Your goal:
Count the lines below that hold "marionnette". Give the number without comment.

Data in this exercise:
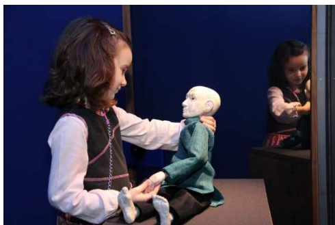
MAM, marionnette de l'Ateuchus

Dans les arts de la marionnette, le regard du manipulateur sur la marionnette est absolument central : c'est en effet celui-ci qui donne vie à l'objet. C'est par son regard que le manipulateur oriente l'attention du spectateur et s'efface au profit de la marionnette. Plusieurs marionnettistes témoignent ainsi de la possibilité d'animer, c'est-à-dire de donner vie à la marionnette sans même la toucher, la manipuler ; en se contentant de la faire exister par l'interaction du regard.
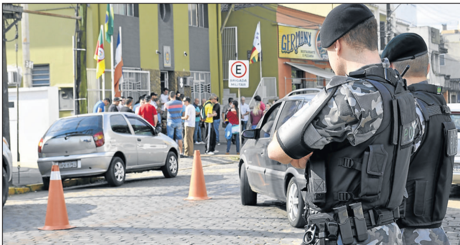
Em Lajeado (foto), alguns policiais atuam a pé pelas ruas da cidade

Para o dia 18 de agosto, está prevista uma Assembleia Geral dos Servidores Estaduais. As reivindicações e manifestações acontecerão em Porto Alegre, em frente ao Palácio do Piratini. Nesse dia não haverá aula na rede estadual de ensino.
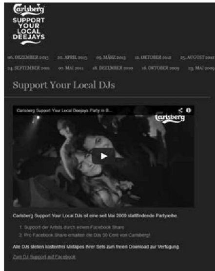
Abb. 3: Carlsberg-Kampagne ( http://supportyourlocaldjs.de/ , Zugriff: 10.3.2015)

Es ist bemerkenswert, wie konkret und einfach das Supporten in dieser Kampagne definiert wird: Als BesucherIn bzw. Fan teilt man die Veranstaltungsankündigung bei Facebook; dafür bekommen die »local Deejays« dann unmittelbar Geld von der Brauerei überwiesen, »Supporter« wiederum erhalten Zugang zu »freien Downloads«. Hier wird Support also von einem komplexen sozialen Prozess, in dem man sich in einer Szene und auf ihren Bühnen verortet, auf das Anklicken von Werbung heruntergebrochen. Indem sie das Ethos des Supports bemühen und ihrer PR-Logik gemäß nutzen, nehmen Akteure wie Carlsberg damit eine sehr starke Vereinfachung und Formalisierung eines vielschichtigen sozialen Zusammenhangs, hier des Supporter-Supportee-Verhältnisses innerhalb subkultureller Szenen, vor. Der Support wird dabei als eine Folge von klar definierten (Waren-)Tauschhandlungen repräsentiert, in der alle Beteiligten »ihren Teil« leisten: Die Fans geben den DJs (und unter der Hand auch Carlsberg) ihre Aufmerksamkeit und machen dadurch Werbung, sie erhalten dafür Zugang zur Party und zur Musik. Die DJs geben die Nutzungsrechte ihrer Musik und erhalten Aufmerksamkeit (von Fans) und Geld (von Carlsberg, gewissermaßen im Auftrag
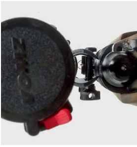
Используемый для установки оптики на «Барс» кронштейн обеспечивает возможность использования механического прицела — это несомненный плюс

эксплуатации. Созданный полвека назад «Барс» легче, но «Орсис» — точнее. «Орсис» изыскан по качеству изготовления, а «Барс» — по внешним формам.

Result of this task:
2